Monkey was booked on the Ska is Dead 4 tour, which happened to start the day after Obama’s inauguration.
“We showed up, and houses were packed and sold out on Mondays,” he says.
Meacham sees this administration as a time of renaissance for the arts, and for the upbeat, party-in-the-face-of-apocalypse vibe of ska music.
“The only way you can control people is to remind them that there’s something to fear. Just keep reminding them. The Obama administration comes in he goes, ‘Well, this isn’t about fear, this is about change. This is about hope.’ Everything he does is reminding people, ‘Hey, there’s a lot of crap out there, and we’re dealing with it. But while we’re dealing with it, go out and enjoy yourself. Have a beer.'”
Suddenly, Monkey finds itself firmly back within the zeitgeist. Their new album Lost at Sea, for which WORKS/San Jose Gallery is hosting an all-ages CD release party Saturday (March 28) is full of many of the same messages that have defined the rise of the Obama era. The title song sets up a backdrop of confusion and uncertainty, but ends with the lines “If we keep on trying, we’re going to make this world a better place for man.”
“It’s funny, because I wrote that about two years before Obama came in and really started pushing to be president,” says Meacham. “When I heard him, I thought, This is what I wrote about. Humans think alike. When everyone’s miserable, there’s only one thing that people want, they want change. They don’t know how, but they want change. I felt like I finally got the energy right.”
Things have changed remarkably for Monkey, which when Meacham started it almost 14 years ago was the only traditional ska band in the Bay Area. In that time, they had previously released only three albums. Now, suddenly, they are experiencing a renaissance of their own.
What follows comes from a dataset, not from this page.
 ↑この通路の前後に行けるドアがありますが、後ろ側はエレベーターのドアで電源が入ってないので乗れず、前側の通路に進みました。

Lost at Sea is being released on Mike Park’s esteemed Asian Man label, with fantastic production that brings out every hook and horn line, and a perfect-fit package, right down to the artwork by the Aquabats’ Parker Jacobs.
But when the band was in the studio this time, it ended up recording 26 songs, so a second album on a different label is slated to arrive later this year. And the group is already working on a third album on top of that, meaning that within a year’s time it’s possible Monkey will have doubled the output it took it over a decade to deliver.
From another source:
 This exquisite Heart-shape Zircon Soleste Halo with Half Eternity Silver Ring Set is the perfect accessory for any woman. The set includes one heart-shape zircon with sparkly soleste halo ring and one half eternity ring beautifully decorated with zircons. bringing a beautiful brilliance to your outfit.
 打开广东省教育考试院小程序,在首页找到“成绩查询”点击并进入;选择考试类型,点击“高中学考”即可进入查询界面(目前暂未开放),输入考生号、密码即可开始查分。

Why the creative boom? Trumpeter Brian Lockrem thinks that, somewhat ironically, it’s stability and not change that is pushing the band to a new level.
“I just think that after many years of searching, Curtis has found more a family than a band,” says Lockrem. “This band has been together almost 14 years. I’m the 40th horn player, and there are two more after me. The dude’s been searching forever, and finally we’ve just clicked. I don’t think there are any words that could honestly describe what there is in this band, because it doesn’t exist in any other band we’ve come across.”
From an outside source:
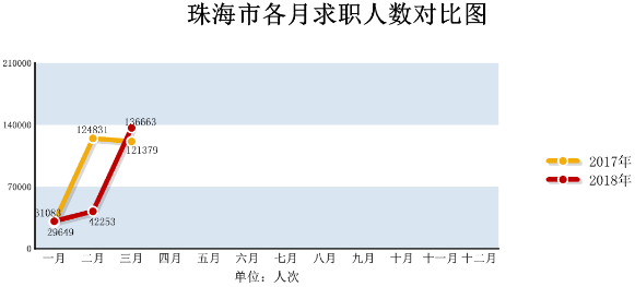一季度,进场求职人员共21.00万人次,较2017同期下降23.87%。

That helps not just on the level of general camaraderie, but in the writing process, since Meacham tends to bring in a skeleton of an idea, which the band then fleshes out together.
Everyone in the band is on the same wavelength.
“When he comes in with an idea for a song, I generally agree with the message and the point that he’s trying to get across. So I can pour everything that I have into that song, as can our sax player, as can our trombone player,” says Lockrem.
He’s been in the band five years now; this lineup has been together about four years as a whole. And how could he resist Meacham’s pickup line?
“I put my résumé up on Craigslist one day,” says Lockrem, “and he emailed me and said, ‘We play like 250 shows a year, and we don’t make any money at all. Want to come play?’ And I was like, ‘Yes!'”
The ska community in Silicon Valley is still pretty small—Firme plays some, but is mostly rock en espanol. Trouble in Paradise is a younger ska band that plays a more third-wave sound. And there are always Sublime clones to be found. But Monkey members take heart that the audaciousness of skankin’ may be coming back around.
“It’s definitely interesting to have been a band as long as we have and to have seen the rise, the fall, the couple of times it crawled out of the gutter and got slammed back in the gutter,” says Meacham. “It’s almost like it actually died, but people didn’t check it to make sure it didn’t have a baby, so there’s an offspring coming up right now.”